PROBLEM STATEMENT: Beginning with the line that contains "欧美外贸女露背褶皱条面料个性连衣裙新品透气系带荷叶 长裙", transcribe the rest of the listing below exactly, including its last line, and exclude any pictures.

RECORDED INFORMATION:
Start of Block
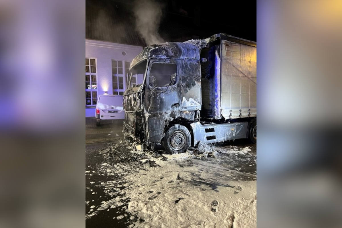 Der Fahrer berichtete, dass er während der Fahrt eine Stichflamme aus dem Motorraum bemerkte. Der Mann stoppte das Fahrzeug und verließ es. Das Feuer breitete sich auf die gesamte Zugmaschine aus. Bei Eintreffen der Polizei stand das Fahrzeug bereits in Vollbrand. Auch der Auflieger sowie zwei unbeteiligte Pkw wurden beschädigt. Aus dem Fahrzeug entwichen Betriebsstoffe. Die Feuerwehr löschte das Fahrzeug und leitete Maßnahmen zum Binden der Stoffe ein. Die Untere Wasserbehörde wurde in Kenntnis gesetzt. Die Straße wurde teilweise vollgesperrt. Die Höhe des Schadens ist noch nicht bekannt.
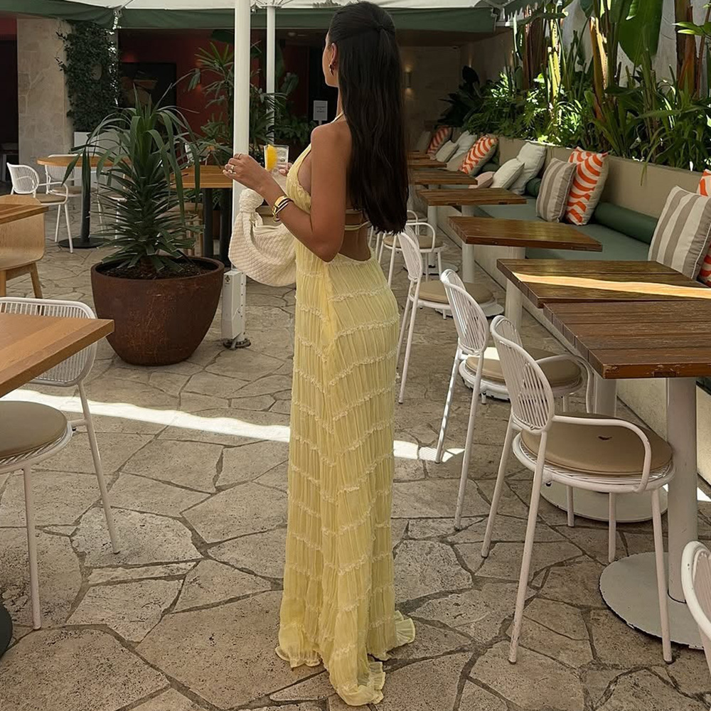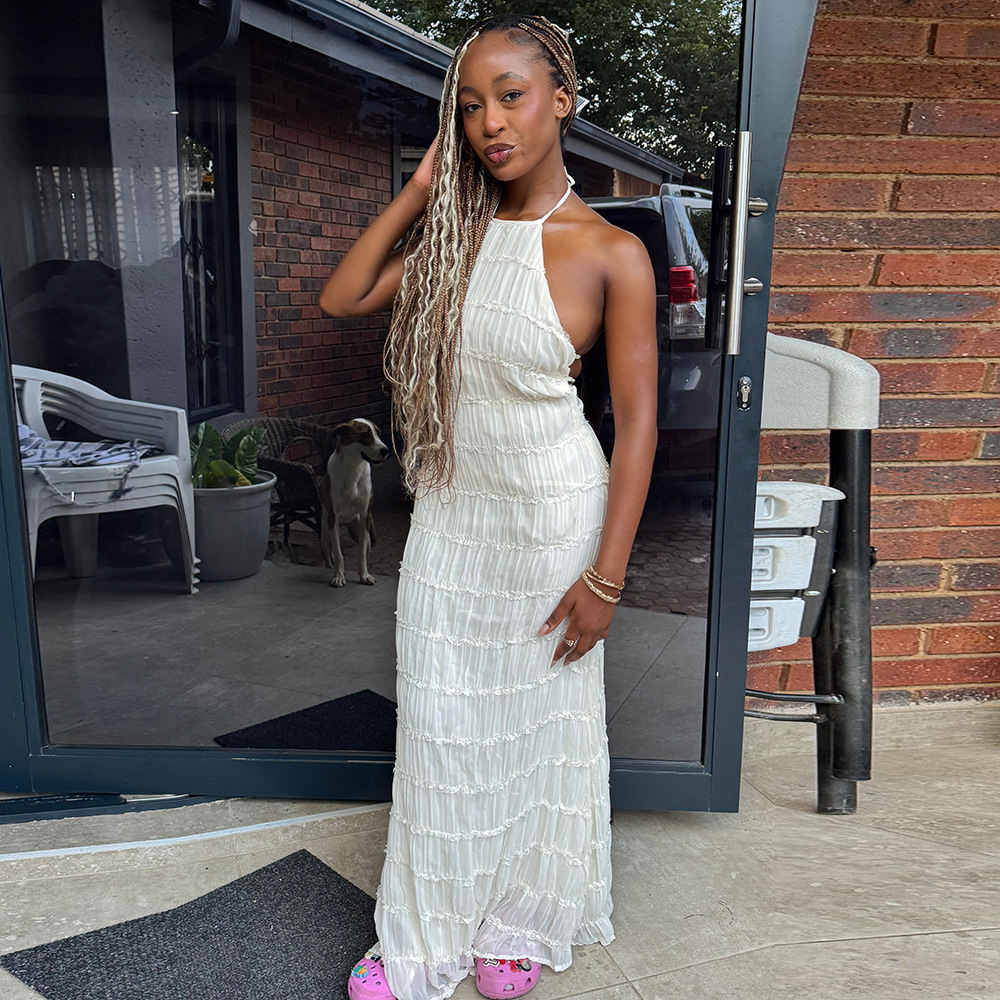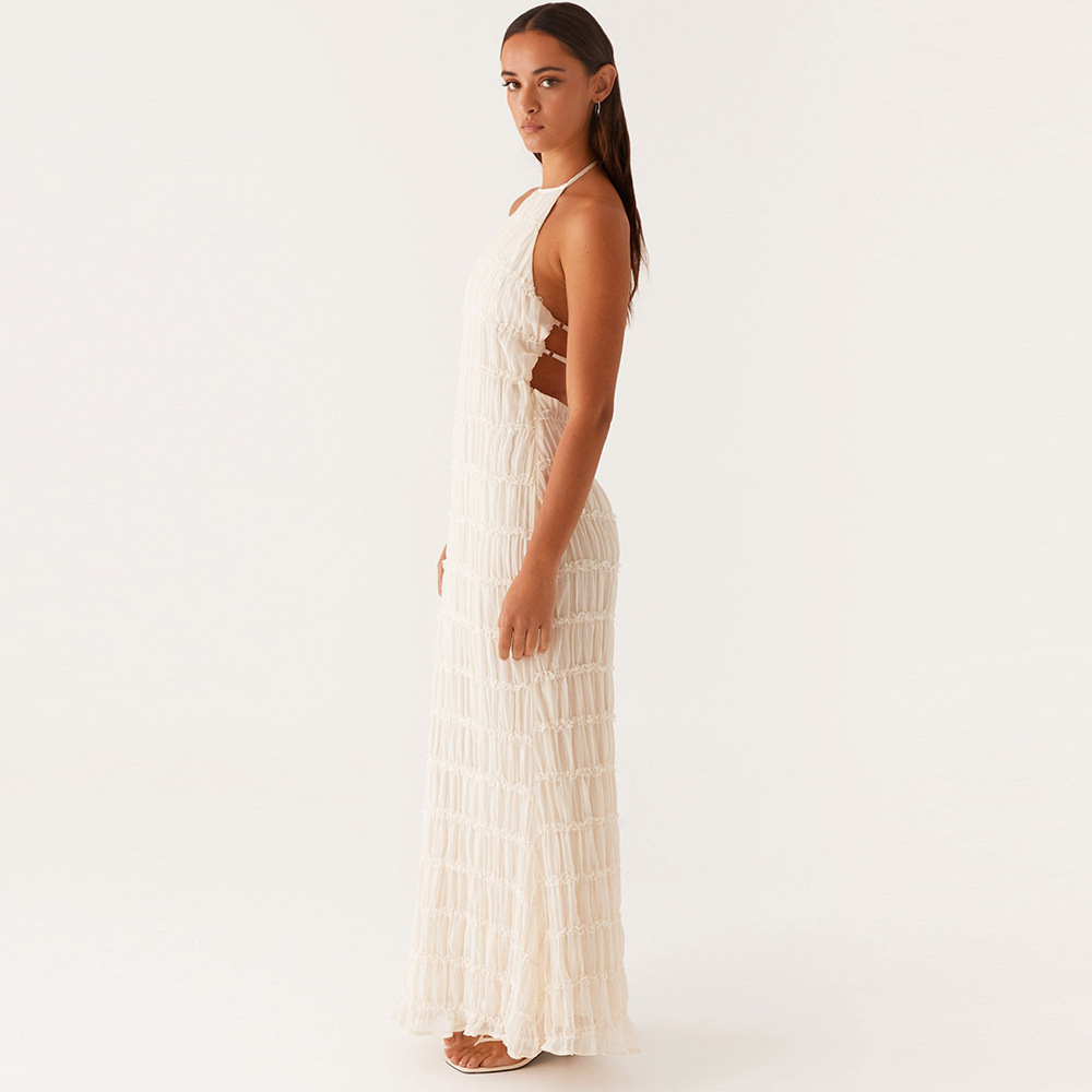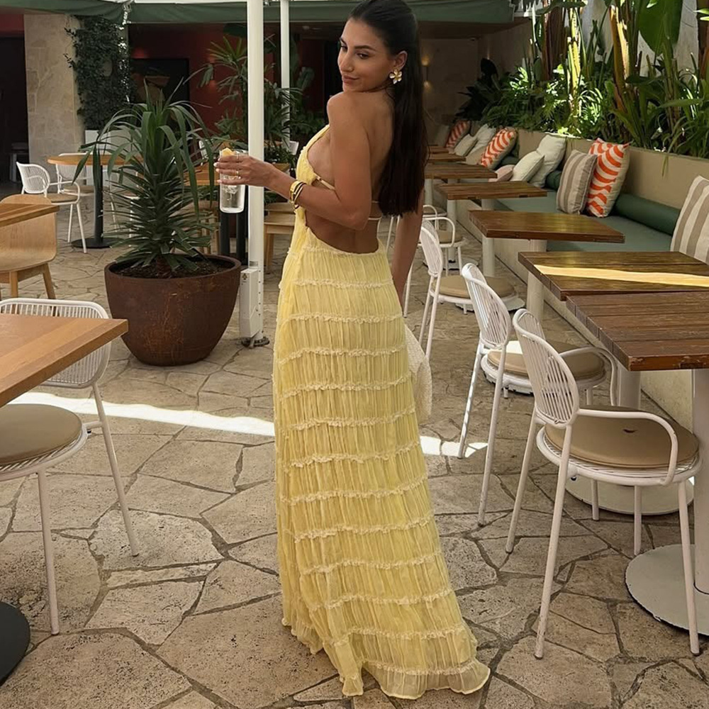 欧美外贸女露背褶皱条面料个性连衣裙新品透气系带荷叶 长裙
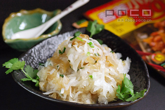 调料:植物油、糖、盐、葱、蘑菇精 做法:1、海蛰洗净后切丝后用凉开水浸泡开; 2、白萝卜洗净后刨丝用盐腌一会(约20分钟), 3、海蛰丝、萝卜丝分别沥干水分放在一起,放上糖、盐、蘑菇精、葱花放在最上面 4、植物油烧热后,直接浇在葱花上,然后搅拌均匀装盘即可。
End of Block
EXERCISE RESULT:
 欧美外贸女露背褶皱条面料个性连衣裙新品透气系带荷叶 长裙
 调料:植物油、糖、盐、葱、蘑菇精 做法:1、海蛰洗净后切丝后用凉开水浸泡开; 2、白萝卜洗净后刨丝用盐腌一会(约20分钟), 3、海蛰丝、萝卜丝分别沥干水分放在一起,放上糖、盐、蘑菇精、葱花放在最上面 4、植物油烧热后,直接浇在葱花上,然后搅拌均匀装盘即可。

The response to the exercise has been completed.